Treyosh crawled to a nearby chair, using it to help him get back on his feet. It was a torturously awkward feat and Jill watched with a lump in her throat. He moved at a slow, careful pace, with every movement thoughtful and measured as if to cause him the least amount of pain. Near the end, before her death, her grandmother had been like that as well—walking as if the world moved too fast while she was too weary to catch it.

He ambled to the bedroom. Jill took his arm when it appeared he may not make the entire distance on his own. The room was enormous. A huge bay window faced the east and had it been morning, sunlight would have drenched the chamber. A brief look outside showed a sky fading gently from grey to black as the sun finished setting somewhere out of sight. Aside from another small oil lamp and a tiny, dying fire in the hearth, darkness filled the room.

This room was also full of chessboards, all in various stages of play, as if the players had left in mid-game. She and the King wove their way around the boards. The King leaned on her, patting her hand as if she were an obedient child.

"My lord King," she began tentatively, "I'd like to speak with you about—"

"Hush," he whispered. "We're here to play."

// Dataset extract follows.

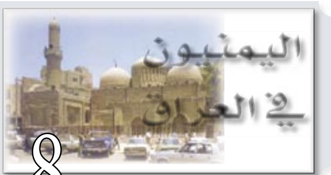
اليمنيون في العرين

اهداف الثورة اليمنية ● التحرر من الاستبداد والاستعمار ومخلفاتهما واقامة حكم جمهوري عادل وإزالة الفوارق والامتيازات بين الطبقات. ● بناء جيش وطني قوي لحماية البلاد وحراسة الثورة ومكتسباتها. ● رفع مستوى الشعب اقتصاديا واجتماعيا وسياسيا وثقافيا. ● إنشاء مجتمع ديمقراطي تصاوني عادل مستمد أنظمتها من روح الإسلام الحنيف. ● العمل على تحقيق الوحدة الوطنية في نطاق الوحدة العربية الشاملة. ● احترام مواثيق الأمم المتحدة والمنظمات الدولية والتمسك بمبدأ الحياد الإيجابي وعدم الانحياز والعمل على إقرار السلام العالمي وتدعيم مبدأ التعايش السلمي بين الأمم.

He led her to one of the chessboards. This one had been pushed to the side away from the other—nearly hidden out sight and seemingly forgotten. If the King hadn't directed her attention to it, she might never have seen it. It was set in the ready position and even in the darkness, she could tell it had sat that way for quite some time. Dust and cobwebs decorated the board and all its pieces.

They moved closer. She stopped short, taking a breath. The King ignored her, weakly pulling up a chair and sinking into it, his robes billowing about him. Hesitantly, Jill reached out to the board. She picked up her queen. Cobwebs trailed after her and she brushed away dust. Maybe she'd imagined it. Maybe...

The queen was red. Red, the color of the threads.

She went to the fire, held the piece to the flame and cleaned away any remaining dust. This can't be possible! And yet...

She flew back to the board, grabbing a handful of pieces and holding them to the light. They were all that same red. All of them! The King watched her, saying nothing. She grabbed one of his pieces. It was blue: passive, non-magical blue. She trailed her fingers across the board's surface, saw its checkered black and white pattern, and dropped all the pieces she'd been holding.